Training: Extracting the training statistics include finding the best set of hyperparameters from grid search (that maximize the accuracy, as mentioned above), and extracting the mean value of the k-folds of cross validation with the best set of hyperparameters, for each one of the metrics mentioned above.
Testing: Extracting the testing statistics include making predictions for the test set, and computing the metrics mentioned above using the predicted labels and the actual labels.
- The last step of this task consists of storing the training & testing statistics to separate csv files. The columns of the csv files represent the metric, and the rows of the files represent the number of the training / testing round (iteration).

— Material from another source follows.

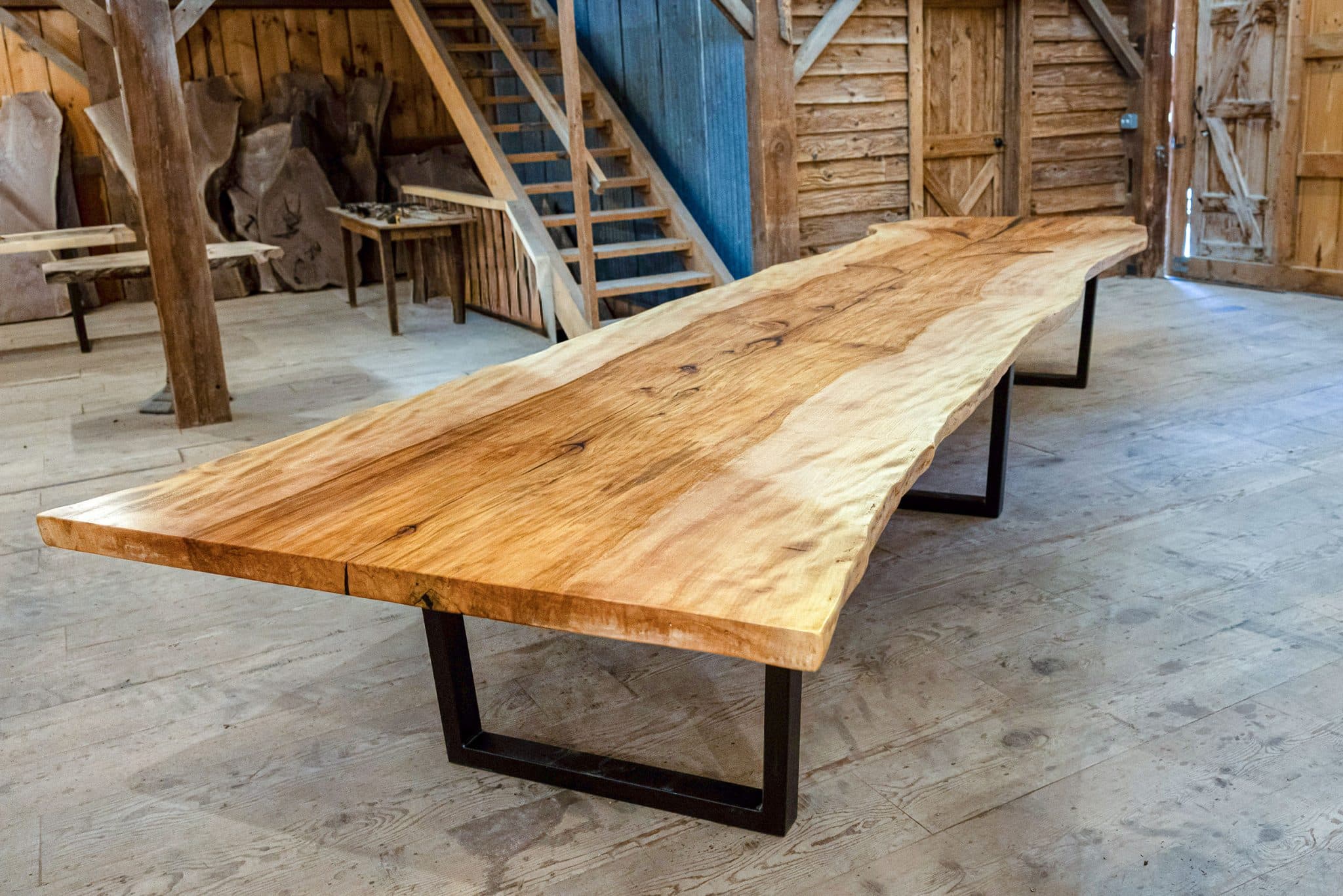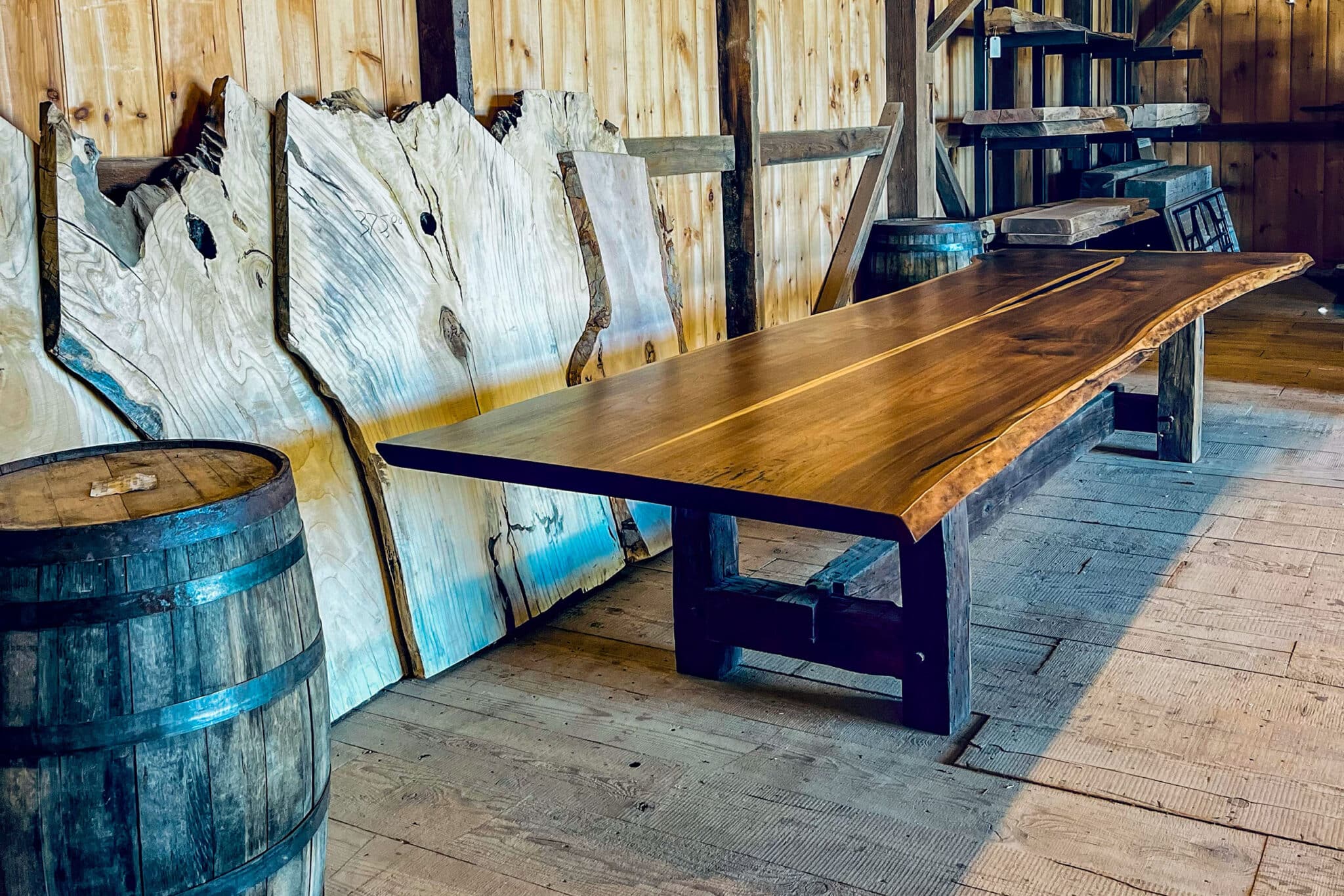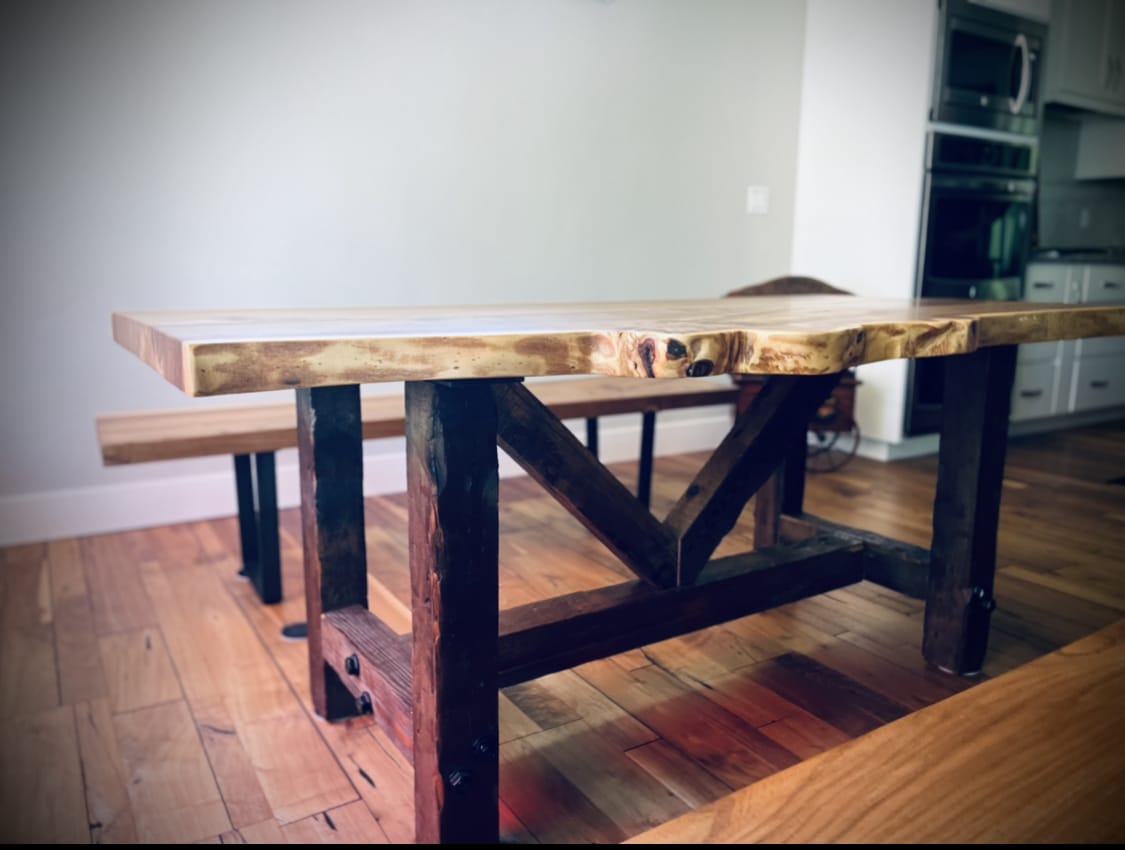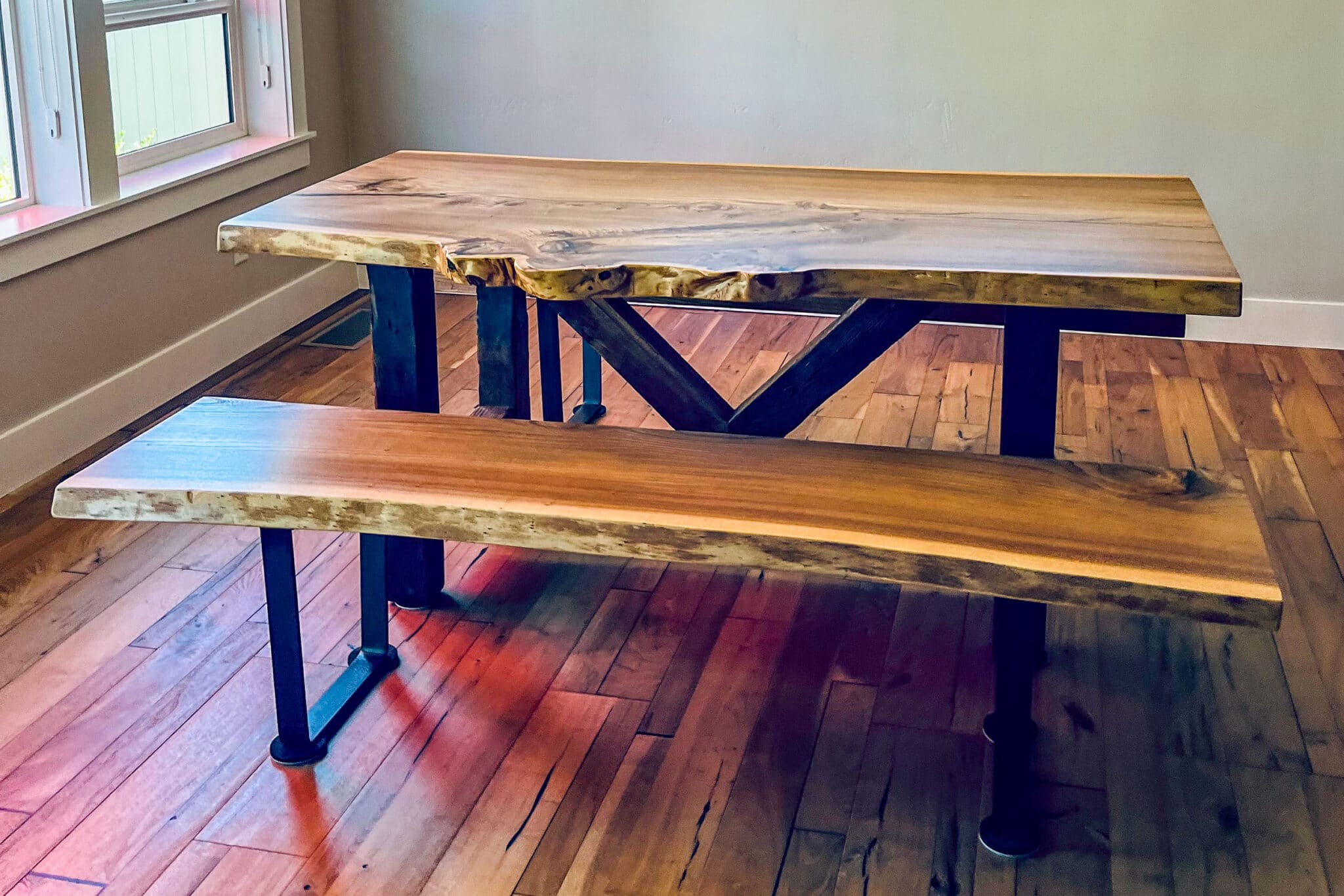 River Valley Woodworks has several table options. We can take local old wood, Douglas Fir butcher-block type slabs, or live edge hardwood slabs and make tables on a wooden or steel structure. We can also make benches to go with the tables. If you’re interested in building your own table with one of our slabs, read how here.

Task #3: Visualization This task reads the csv files, and creates one double bar graph for each of the monitored metrics. Each bar graph shows the metric values vs the iteration number, one bar for the training score for that iteration, and one bar for the testing score. One thing to realise about these plots is: The training data keeps changing (we re-train when there is new data available), whereas the test data remains the same (the initial set of emails we spared) across the iterations, thus, the training bars show us how the model evolves over time with new data, and the testing bars show us how the metrics change on the same test data as the model evolves over time.
Note: I have a list of ideas to make additions to this project, and I will keep updating this page when I do so! A few ideas I’m excited to explore are looking at other classifiers, statistics, encoding techniques, and packaging up my application to run in a Docker container (I have already attempted this, and failed due to some errors with Dockerizing my Conda environment - but will come back to it as time permits:), and doing better error handling if something goes wrong with the Postgres database or Redis.

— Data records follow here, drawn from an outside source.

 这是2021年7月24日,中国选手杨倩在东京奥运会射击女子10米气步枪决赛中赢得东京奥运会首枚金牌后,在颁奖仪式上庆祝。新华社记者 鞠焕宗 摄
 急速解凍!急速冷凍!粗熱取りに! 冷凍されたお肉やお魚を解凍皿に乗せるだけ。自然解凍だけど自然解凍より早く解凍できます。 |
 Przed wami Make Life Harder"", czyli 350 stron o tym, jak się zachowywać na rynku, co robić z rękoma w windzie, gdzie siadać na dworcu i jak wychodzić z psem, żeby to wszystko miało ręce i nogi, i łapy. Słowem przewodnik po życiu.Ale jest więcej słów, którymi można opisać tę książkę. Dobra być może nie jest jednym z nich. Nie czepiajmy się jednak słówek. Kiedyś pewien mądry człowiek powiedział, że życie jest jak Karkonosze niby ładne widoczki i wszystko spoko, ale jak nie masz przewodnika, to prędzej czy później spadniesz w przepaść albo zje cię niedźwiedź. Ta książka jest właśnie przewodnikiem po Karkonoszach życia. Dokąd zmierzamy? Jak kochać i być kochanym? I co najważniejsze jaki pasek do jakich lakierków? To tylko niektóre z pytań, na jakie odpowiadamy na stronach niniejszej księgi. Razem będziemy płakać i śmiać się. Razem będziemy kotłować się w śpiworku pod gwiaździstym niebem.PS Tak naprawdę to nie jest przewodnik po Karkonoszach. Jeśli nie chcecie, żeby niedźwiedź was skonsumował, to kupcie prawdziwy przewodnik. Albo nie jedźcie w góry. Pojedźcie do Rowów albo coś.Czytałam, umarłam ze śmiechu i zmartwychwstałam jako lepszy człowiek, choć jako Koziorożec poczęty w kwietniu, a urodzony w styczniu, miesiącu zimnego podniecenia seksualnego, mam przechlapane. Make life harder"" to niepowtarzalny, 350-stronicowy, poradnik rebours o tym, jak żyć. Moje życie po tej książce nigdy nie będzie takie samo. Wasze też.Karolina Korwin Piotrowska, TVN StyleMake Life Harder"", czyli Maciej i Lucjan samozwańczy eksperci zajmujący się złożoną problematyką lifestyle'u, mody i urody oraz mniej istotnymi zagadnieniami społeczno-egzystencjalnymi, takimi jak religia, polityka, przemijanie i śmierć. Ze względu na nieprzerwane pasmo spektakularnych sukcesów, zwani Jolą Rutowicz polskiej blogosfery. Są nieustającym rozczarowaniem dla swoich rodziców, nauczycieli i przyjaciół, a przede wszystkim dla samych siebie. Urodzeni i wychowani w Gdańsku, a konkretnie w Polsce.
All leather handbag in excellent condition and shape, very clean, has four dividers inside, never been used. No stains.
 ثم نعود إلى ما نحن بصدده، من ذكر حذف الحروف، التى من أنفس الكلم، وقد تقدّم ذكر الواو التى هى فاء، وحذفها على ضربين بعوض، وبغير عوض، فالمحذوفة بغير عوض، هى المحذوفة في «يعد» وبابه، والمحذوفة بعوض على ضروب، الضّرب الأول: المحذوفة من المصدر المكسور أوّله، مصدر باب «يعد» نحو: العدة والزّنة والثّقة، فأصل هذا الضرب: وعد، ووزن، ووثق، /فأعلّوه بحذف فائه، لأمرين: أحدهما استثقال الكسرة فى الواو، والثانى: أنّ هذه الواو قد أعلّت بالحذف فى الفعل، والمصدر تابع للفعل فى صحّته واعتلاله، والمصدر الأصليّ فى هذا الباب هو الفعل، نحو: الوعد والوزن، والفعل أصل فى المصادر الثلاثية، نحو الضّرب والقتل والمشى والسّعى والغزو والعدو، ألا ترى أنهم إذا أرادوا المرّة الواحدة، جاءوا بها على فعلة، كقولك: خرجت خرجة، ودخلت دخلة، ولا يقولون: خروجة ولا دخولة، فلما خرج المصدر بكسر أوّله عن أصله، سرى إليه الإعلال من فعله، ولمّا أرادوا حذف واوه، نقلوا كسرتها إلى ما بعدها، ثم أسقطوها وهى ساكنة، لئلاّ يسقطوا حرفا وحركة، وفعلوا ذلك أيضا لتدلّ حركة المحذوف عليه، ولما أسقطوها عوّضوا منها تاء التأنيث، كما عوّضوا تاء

Non-Technical Learnings: As I mentioned above, I would like to share the reasons why I think resolving the personal dilemma I had with this “dive straight in” way of learning about machine learning (pardon the pun^^) was a good way:
First of all, I think that the process of going through this project has raised my self-confidence noticeably, compared to when I first started. Self-teaching, thinking creatively in the context of my own problem / data / model, combining past knowledge with new learnings, trying out various options and debugging (using Google Colab was a fun way of doing that!:), and going from level 0 in an area to … better levels(^^) in a shorter time than I’ve expected are all great things that contributed to this!

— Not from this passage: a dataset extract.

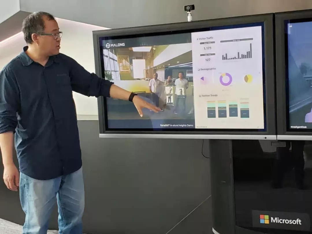 微軟的多場景應用展示,如人臉識別表情判斷是否疲勞駕駛,人臉識別輔助店鋪統計訪客數、性別等數據。

Another thing I truly enjoyed while working on this project is the experience of “creating a project flow/pipeline” (I think of this as being similar to a data pipeline:). It might sound a little bit unclear, but, what I mean by this is essentially the process of learning/making something from scratch, and making decisions along the way about how to structure this pipeline, without having strict guidelines to follow. I think, an important part of this “creating a project flow” is breaking down what you would like to do into smaller parts (yes, this idea is a classic, but a very, very useful, important, and required(!) classic:), understanding how to make those small parts work, and understanding how to connect those smaller parts together - into a pipeline!
The last thing I cannot forget to mention is, the importance & the experience of taking detailed notes. I call this my “progress journ(al/ey)” - with the projects I got to work on this summer, each day I worked on a project, I kept a journal (that is, a Google Drive doc:) for recording my progress, my research, resources utilized, the problems I encountered, learnings, accomplishments, ideas, plans and to-do’s - anything, really!:) - not in a particular format, but however way I wanted for that day. I have seen how much this has benefited me over time, that I feel confident about saying that these journals were probably the most helpful things in making me keep going as I ran into difficulties!